NHK「ニュースウオッチ9」で気象キャスターを務め、2021年に放映された朝の連続テレビ小説「おかえりモネ」でも気象考証を担当した斉田季実治さん。プライベートでは男の子3人のパパでもあります。この連載では、防災士や危機管理士、星空案内人など、さまざまな顔を持つ斉田さんが、親目線で天気や防災、宇宙について語っていきます。

地域による天気や気候の違いに気づいた子ども時代が今の原点

 皆さん、初めまして。気象予報士の斉田季実治です。私は父が林野庁に勤めていたので転勤が多く、子どもの頃はしょっちゅう引っ越ししていました。幼児期を過ごした秋田県の上小阿仁(かみこあに)村は豪雪地帯で、冬は雪が1メートル以上も積もるところでした。東京に引っ越してきたら、冬は晴れていることが多く、天気がまったく違うことに驚いたものです。小学校高学年から高校生まで過ごした熊本には、台風が多く近づきました。

 そんなふうに、子ども時代を全国各地で暮らしたので、幼い頃から「同じ日本でも地域によって天気や気候が違う」という感覚がありました。よく木に登って空や雲を眺めていたので、その頃から気象に興味を持っていたのだと思います。

 その後、大学で海洋気象学を専攻して気象予報士の資格を取りました。北海道での報道記者、九州での気象キャスター経験を経て、2010年に東京のNHKの気象キャスターオーディションに合格。同年から東京で気象情報を担当しています。
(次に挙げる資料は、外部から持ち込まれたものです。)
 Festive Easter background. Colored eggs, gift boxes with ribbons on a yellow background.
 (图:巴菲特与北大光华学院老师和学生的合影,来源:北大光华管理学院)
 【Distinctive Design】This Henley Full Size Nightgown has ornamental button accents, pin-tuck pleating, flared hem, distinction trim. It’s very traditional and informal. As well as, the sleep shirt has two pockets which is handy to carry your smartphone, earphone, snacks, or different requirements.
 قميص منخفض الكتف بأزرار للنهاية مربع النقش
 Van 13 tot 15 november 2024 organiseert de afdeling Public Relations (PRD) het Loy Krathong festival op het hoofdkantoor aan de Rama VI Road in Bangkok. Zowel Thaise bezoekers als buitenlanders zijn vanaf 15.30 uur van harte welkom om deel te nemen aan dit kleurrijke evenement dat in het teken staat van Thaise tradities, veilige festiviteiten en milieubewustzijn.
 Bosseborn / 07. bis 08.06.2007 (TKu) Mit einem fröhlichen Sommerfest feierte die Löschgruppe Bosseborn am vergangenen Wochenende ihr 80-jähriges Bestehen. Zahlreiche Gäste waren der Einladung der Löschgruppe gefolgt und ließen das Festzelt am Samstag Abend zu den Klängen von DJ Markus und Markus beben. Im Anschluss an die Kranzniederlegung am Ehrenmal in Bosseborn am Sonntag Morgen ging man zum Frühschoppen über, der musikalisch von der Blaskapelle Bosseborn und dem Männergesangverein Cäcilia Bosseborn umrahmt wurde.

今出演している番組は平日の夜9時から10時ですが、NHKの気象コーナー全体の打ち合わせなどのため、午後1時過ぎには局に入ります。番組が終わって帰宅するのは11時ごろです。

 私には中学1年生、小学4年生と4歳の息子がいます。彼らは夜9時ごろには寝てしまうため、放送はあまり見たことがありません。長男は、私の番組を見てくれている友だちから「見ないの?」と聞かれるそうですが、「お天気のことなら直接聞いたほうが早い」と答えているそうです。
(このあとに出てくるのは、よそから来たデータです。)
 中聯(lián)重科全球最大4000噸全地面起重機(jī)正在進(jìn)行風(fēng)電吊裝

 子どもたちとは朝しか顔を合わせる機会がないので、朝ご飯は必ず一緒に食べるようにしています。そのとき、長男から「今日のお天気は? 傘はいる?」「折りたたみ傘でいい? 普通の傘がいい?」と聞かれることも多いです。そこで私が上空の空気の状況など、全体的なことから話そうとすると、「それはいいから、結論だけ教えて」と言われます。プロとしても、親としても、どうしてそういう結論になるかを説明したいところですが、思春期を迎えている息子にとっては、わずらわしいのかもしれませんね。

 4歳の三男は保育園に通っています。自転車で送っていくのが私の日課です。久しぶりに晴れた朝は自分で走っていきたがるので、私も保育園までの約900mの道を一緒に走っています。すっきりと晴れた日は少し遠回りをして坂を上り、富士山が見えるルートで保育園に向かうこともあります。雨の日は歩きたがらないので抱っこして登園します(最近はさすがに重いです)。雪の日に、たまたま学校が休みだった次男も一緒に来て、途中で雪だるまを作っていたら思いっきり遅刻したことも。道のりは毎日ほとんど変わらないのですが、天気次第で見えるものもあれば見えないものもあり、一日も同じ日はありません。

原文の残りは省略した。